Static linkage: Indian economy (macroeconomic indicators).
9. Census: first synchronous and digital houselisting
GS area: Polity, Governance
Census 2027 planning is underway. Key institutional facts:
- Authority: The Office of the Registrar General of India (RGI) under the Ministry of Home Affairs conducts the Census. The RGI is also known as the Census Commissioner of India.
- First synchronous decennial census: 1872 under Lord Mayo (though not pan-India). The first truly synchronous (simultaneous across regions) census was in 1881.
- First post-independence census: 1951.
- Census Act: Census Act, 1948 is the governing law.
- Geotagging: Census 2027 will geotag all buildings during Houselisting Operations (HLO) using a smartphone-based Census app with location enabled.
- Digital Layout Mapping (DLM): Will replace hand-drawn sketch maps to eliminate duplication and omission errors.
Static linkage: Polity (constitutional bodies), demographic data.
10. CEREBO: non-invasive brain injury diagnosis
GS area: Science and Technology
CEREBO is a handheld device developed in India for field diagnosis of traumatic brain injury.
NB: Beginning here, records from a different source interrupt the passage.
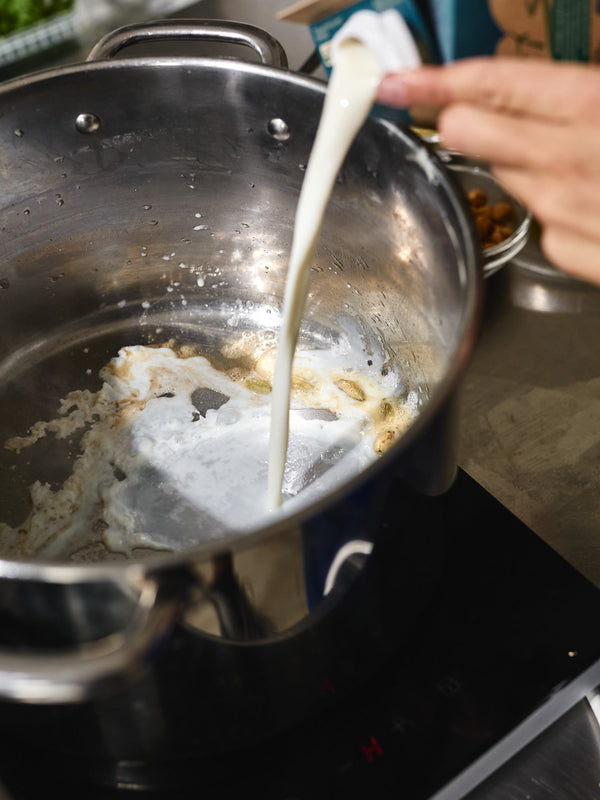 - Add the milk, reduce to low heat, and let it infuse with the cardamom for about 5 minutes.ย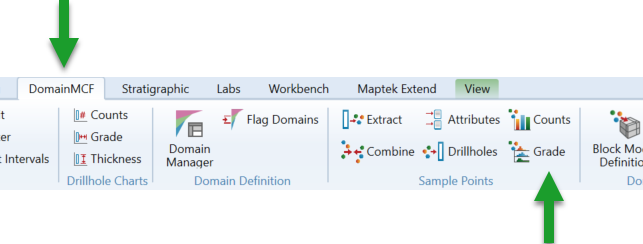 To generate a grade chart, select the block model and then on the ribbon, navigate to DomainMCF > Sample Points >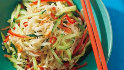 青いパパイヤでつくるタイのサラダ「ソムタム」を、切り干し大根でアレンジしたレシピ。切り干し大根は熱いドレッシングで戻すので、ドレッシングがよくしみて食感もアップします。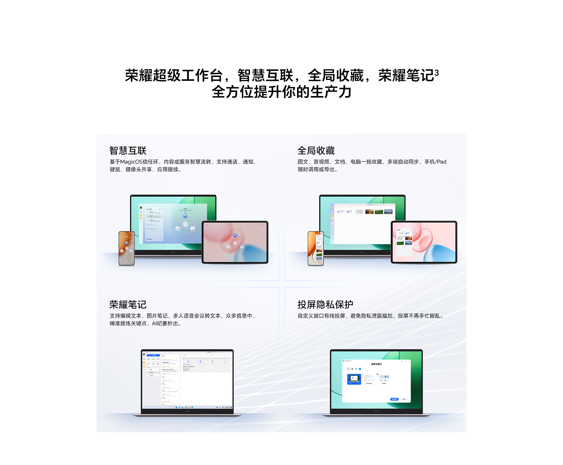 *为提供尽可能准确的产品信息、规格参数、产品特性,荣耀可能实时调整和修订以上页面中的文字表述、图片效果等内容,以求与实际产品性能、规格、指数、零部件等信息相匹配,由于产品批次和生产供应因素实时变化,如遇确有进行上述修改和调整必要的情形,恕不专门通知。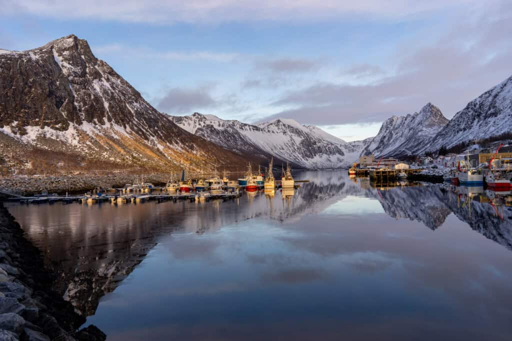 Senja ist ein typische Insel Norwegens, geprägt durch die Fischerkultur. Es hat hier überall die roten Rorbu, kleine Häfen und frabige Fischerboote. Die locals sind etwas ruhig, aber erzählen den interessierten Touristen gerne von ihren Fischer-Abentuern. Wir essen im lokalen Restaurant und erhalten hier einen weiteren Einblick in ihr leben.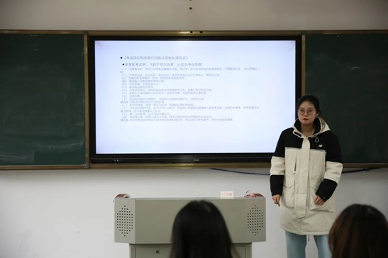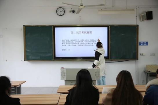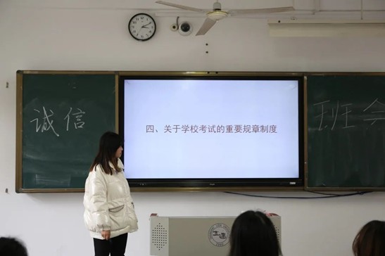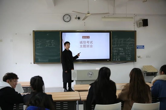 临近考试周,为了让同学们在迎接假期的同时做到诚信考试以及假期安全防疫,传媒学院辅导员们于2021年12月21日在各班级召开主题班会。考试不仅是检查教师教学效果和学生学习情况的评价手段,也是一种敢于正确评价自己,勇于承认学习上的不足,严于自我约束的考验。诚信考试有助于大家在考试中排除外界的干扰,正确认识到考试的重要性,诚信考试有助于提高大家的自身修养,让每个人都成为一名诚信的好学生。

- Technology: Near-infrared spectroscopy (NIRS). The device shines near-infrared light through the skull and measures light absorption patterns to detect brain bleeds.
- Non-invasive: No needles, no radiation, no CT scan needed.
- Use case: Emergency field settings where CT scans are unavailable. Ambulances, border posts, remote clinics.
- Significance for India: Traumatic brain injuries from road accidents cause significant mortality in India, especially in areas far from equipped hospitals. Early field diagnosis can guide triage decisions.
Static linkage: Science and technology (healthcare).
11. Briefly noted
- Orcinus orca (killer whale): Classified in family Delphinidae, not Phocidae. Widely distributed; a highly social species with high encephalisation. Despite the name, it is the largest member of the dolphin family.
- Account Aggregators: RBI-regulated entities that enable consented sharing of financial data between financial institutions. They are licensed under the RBI Act, not the Banking Regulation Act.